Zev Jabotinsky

From Cleveland State University

A simple but impressive dark black marble tombstone covers the graves of Zev (Vladimir) Jabotinsky, and his wife, Yohana, reinterred to the soil of Mount Herzl Jerusalem, overlooking the Yad Vashem Complex, as if forcing those who come to reconsider Jabotinsky's warnings in the 1930's about the approaching catastrophe about to destroy the House of Israel in Europe.

Jabotinsky, whose 57th death anniversary will be commemorated on August 3rd this year, corresponding to the 29th of Tamuz on the Hebrew calendar, was reburied in Israel only in 1964. Israel's first Prime Minister, and bitter personal rival, David Ben-Gurion, refused to fulfill Jabotinsky's will which stipulated that only on the order of a future Jewish government in Israel could he be removed from his temporary resting-place in New York where he died in 1940 after attending a Betar youth camp weekend in Hunter, in upstate New York.

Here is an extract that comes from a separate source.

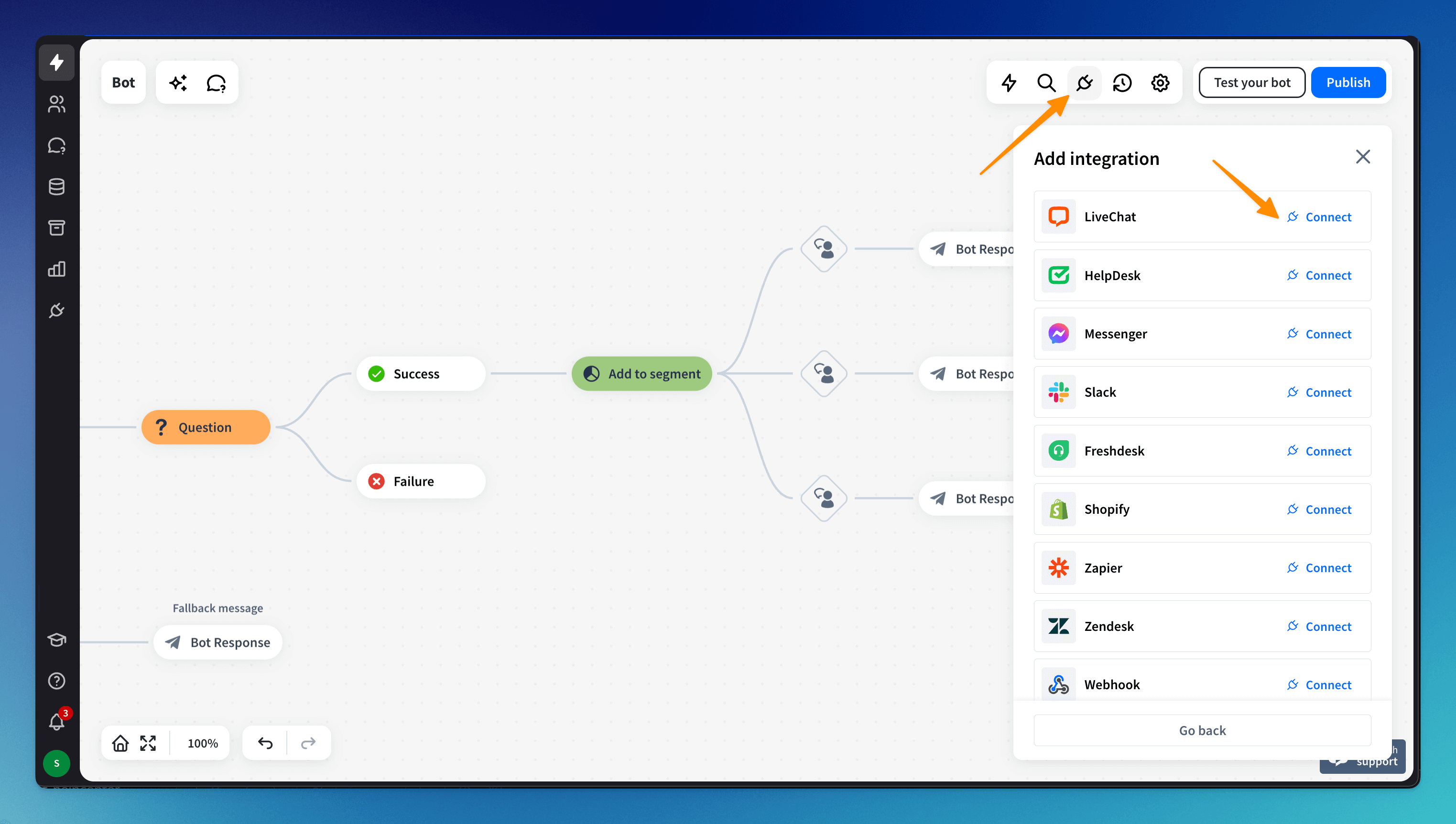 Go to the bot, choose the Integrations menu, select the integration from the list, and integrate it with only a few clicks. You can integrate the bot with multiple channels natively, directly from our product.

Born in 1880 in Odessa, Russia, Jabotinsky was a language prodigy, becoming a journalist for Russian papers in Italy and Switzerland at the age of 17. He graduated university in Rome and in 1908 completed his Master's Degree in Austria.

He became deeply involved in Zionism, especially following the 1903 anti- Jewish pogroms. He was active in self-defense groups, translated Bialik's poetry, wrote poetry and prose himself and became the most famous of Russia's Zionist orators.

He founded the British-sponsored Jewish Legion to fight in then-Palestine in the First World War, organized Jewish defense in Jerusalem against Arab rioters in 1920 for which he was sentenced to a jail term, later quashed, and became a member of the World Zionist Executive.

Disillusioned with Chaim Weizmann's policies, he resigned in 1923, established the Revisionist Zionists in 1925 and sponsored a more assertive and non-socialist approach to the rebuilding of the Jewish homeland.

Organizations that were prominent in his efforts to more speedily obtain Jewish liberation included the Betar youth, the Irgun underground, the New Zionist Organization and the Brit HeChayil former soldiers association plus many more.

He encouraged illegal immigration, expressions of pride such as the demonstration at the Western Wall in 1929 and was deeply effected when the first gallows' martyr in modern times, Shlomo Ben-Yosef, was hanged by the British in 1938 for attacking Arab transport during the Arab riots of 1936-39.

He died in the US while attempting to revive the Jewish fighting units to participate alongside the Allies in World War Two.